Physicians envision a future in which genomic data from patients is heavily used to manage care, but experts have questioned the accuracy and reliability of these analyses. Now, a study by 150 researchers in 12 countries finds real strength and agreement across RNA genomic sequencing techniques and laboratories — as well as ways to improve what little variability exists to set a new high standard.
The results of the study were published in Nature Biotechnology in three separate research articles.
These results should provide assurance to patients, clinicians and the research community that genomic sequencing is accurate, says E. Aubrey Thompson, Ph.D., a professor of cancer biology at Mayo Clinic in Florida, one of three institutions that led the study. Dr. Thompson is a study co-author and member of the project leadership.
“It seems very likely that decisions about patient care are going to be influenced by genomic data, derived from sequencing both RNA and DNA from patient samples, and we now know the extent to which these sequence-based analyses can be relied upon within a given laboratory or from laboratory to laboratory,” he says.
“That means that results of a patient’s sample, from which clinical management decisions will likely be made, will be accurate worldwide,” says Dr.
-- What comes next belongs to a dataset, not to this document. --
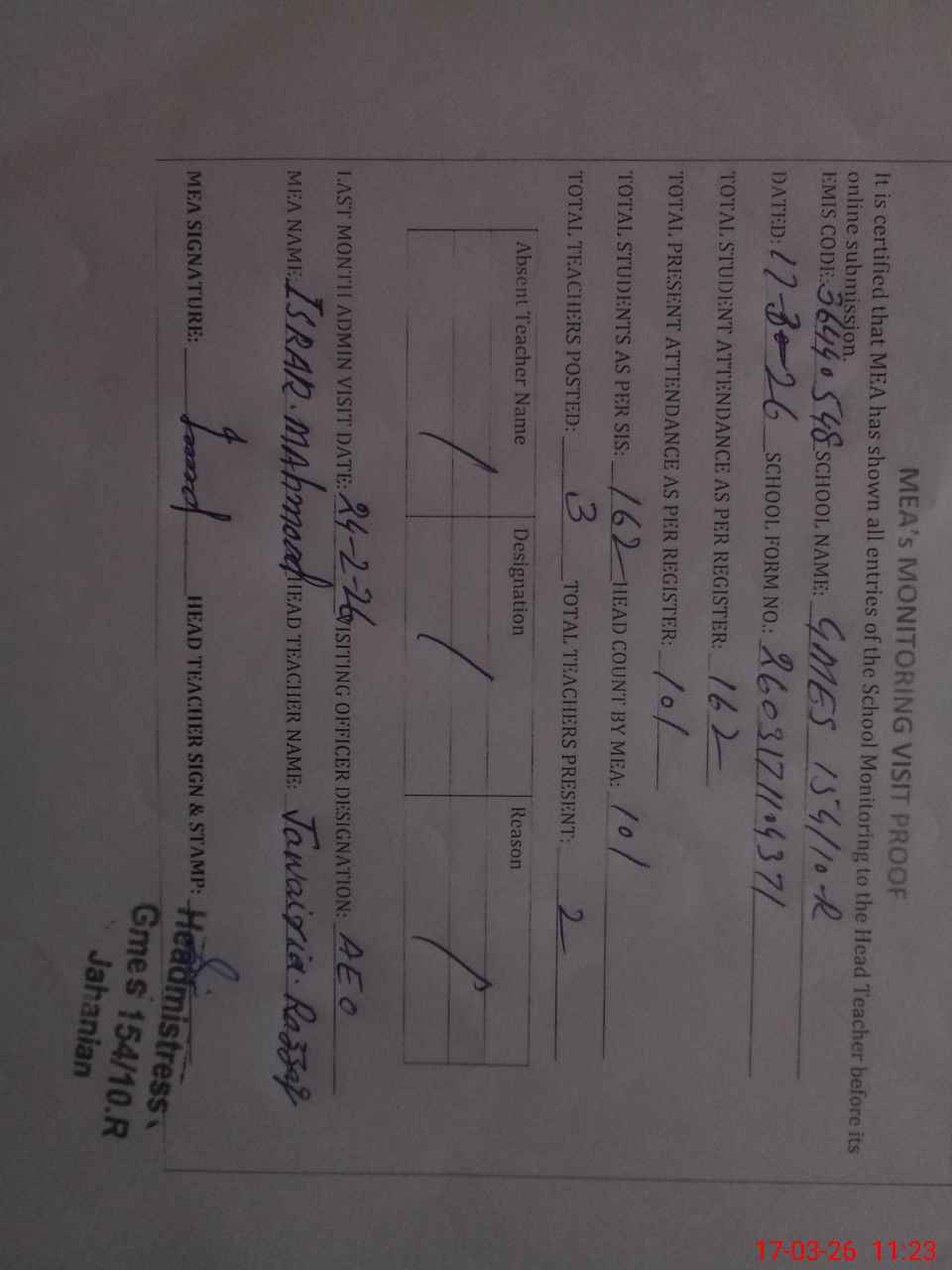 | EMIS Code: 36440548 | Name of School: GMES 154/10-R, JAHANIAN | |||

Thompson.
RNA sequencing is being used with increasing frequency to characterize a growing array of conditions — everything from prenatal birth defects to disorders of the elderly.
The other institutions involved in the study are the Beijing Genomic Institute and Weill Cornell Medical School. All three institutions have extensive experience in sequencing RNA and have helped develop novel analytical tools for interpreting the data.
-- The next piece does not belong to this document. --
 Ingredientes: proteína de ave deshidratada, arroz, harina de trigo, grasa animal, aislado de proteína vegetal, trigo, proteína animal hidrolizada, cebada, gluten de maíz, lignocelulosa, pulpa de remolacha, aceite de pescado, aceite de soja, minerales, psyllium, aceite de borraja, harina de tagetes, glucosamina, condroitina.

The U.S. Food and Drug Administration (FDA) funded the research, given its need to understand the accuracy of such data submitted in applications for approval of new drugs, clinical applications and genomic diagnostic procedures, Dr. Thompson says.
The purpose of this project, known as Sequence Quality Control (SEQC), was to rigorously define both the scope and the sources of variation in RNA sequencing data.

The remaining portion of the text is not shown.